■ **Required work**: From the line containing "A contemporary Gabbeh" to the line containing "V Yaka Beyaz Örgü Salaş Kazak" in the records below, set down every line exactly as it stands, both ends included, and skip the pictures.

BEGIN Input

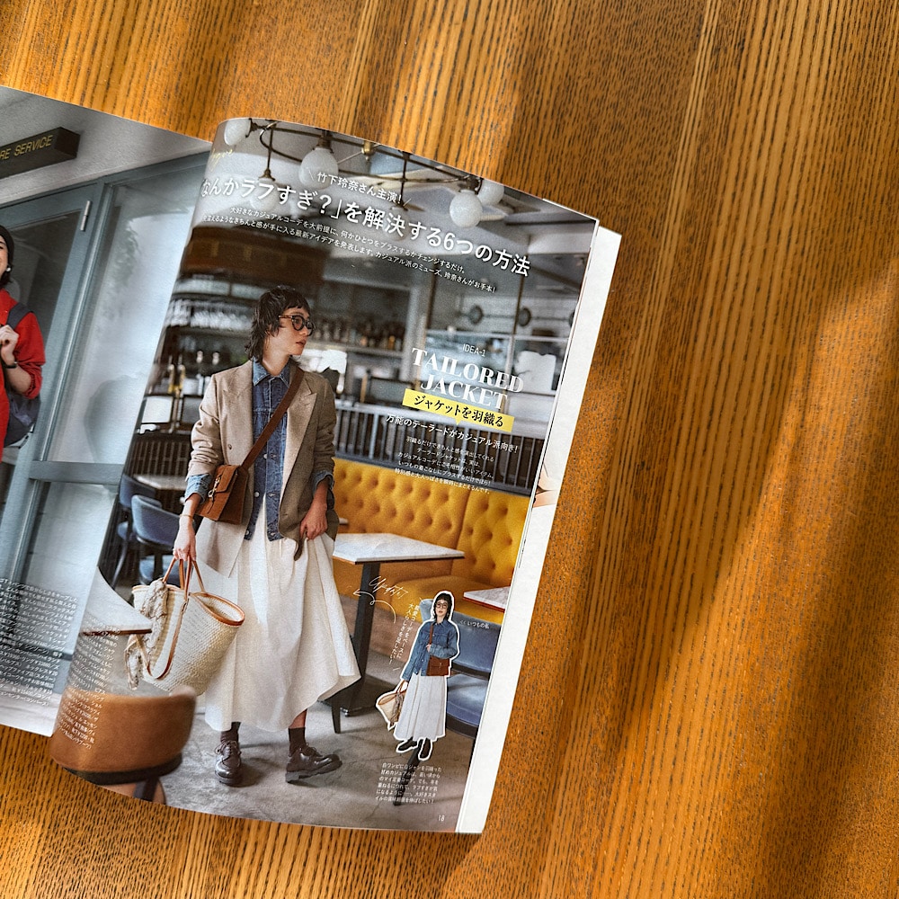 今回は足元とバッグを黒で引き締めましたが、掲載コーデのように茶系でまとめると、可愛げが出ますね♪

END Input
BEGIN Input

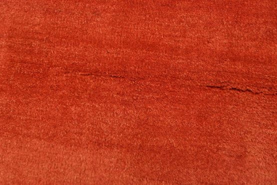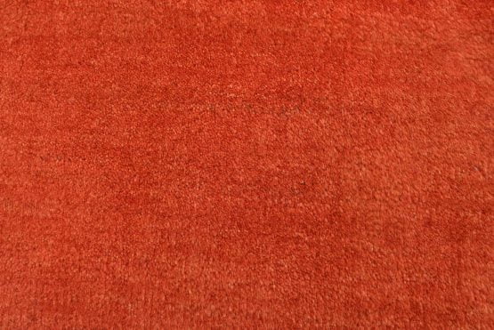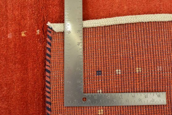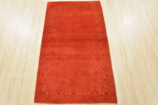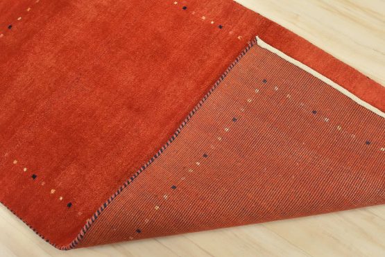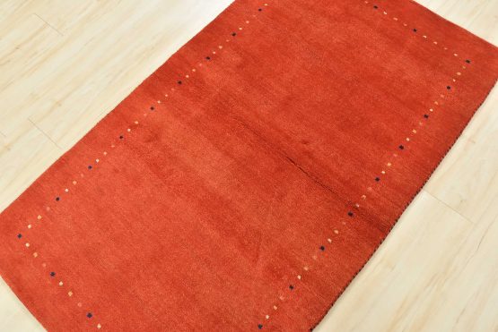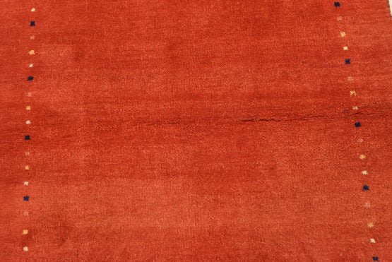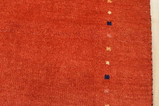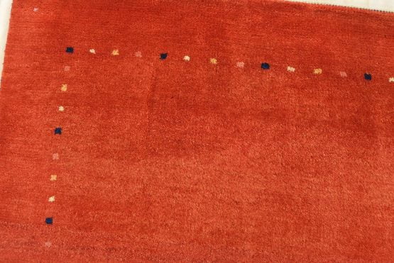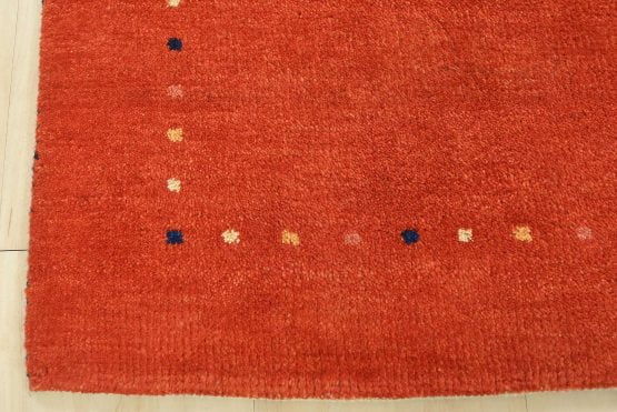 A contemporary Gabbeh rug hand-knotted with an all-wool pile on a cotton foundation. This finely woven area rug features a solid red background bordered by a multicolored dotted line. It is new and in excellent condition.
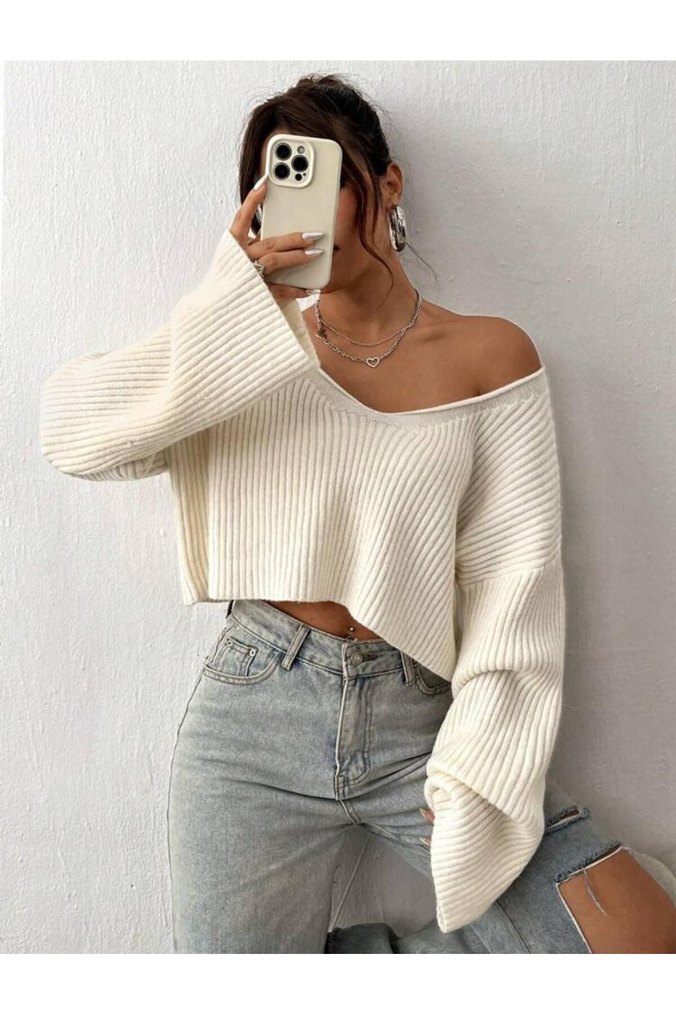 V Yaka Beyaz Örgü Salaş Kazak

END Input

■ **Your solution**:
 A contemporary Gabbeh rug hand-knotted with an all-wool pile on a cotton foundation. This finely woven area rug features a solid red background bordered by a multicolored dotted line. It is new and in excellent condition.
 V Yaka Beyaz Örgü Salaş Kazak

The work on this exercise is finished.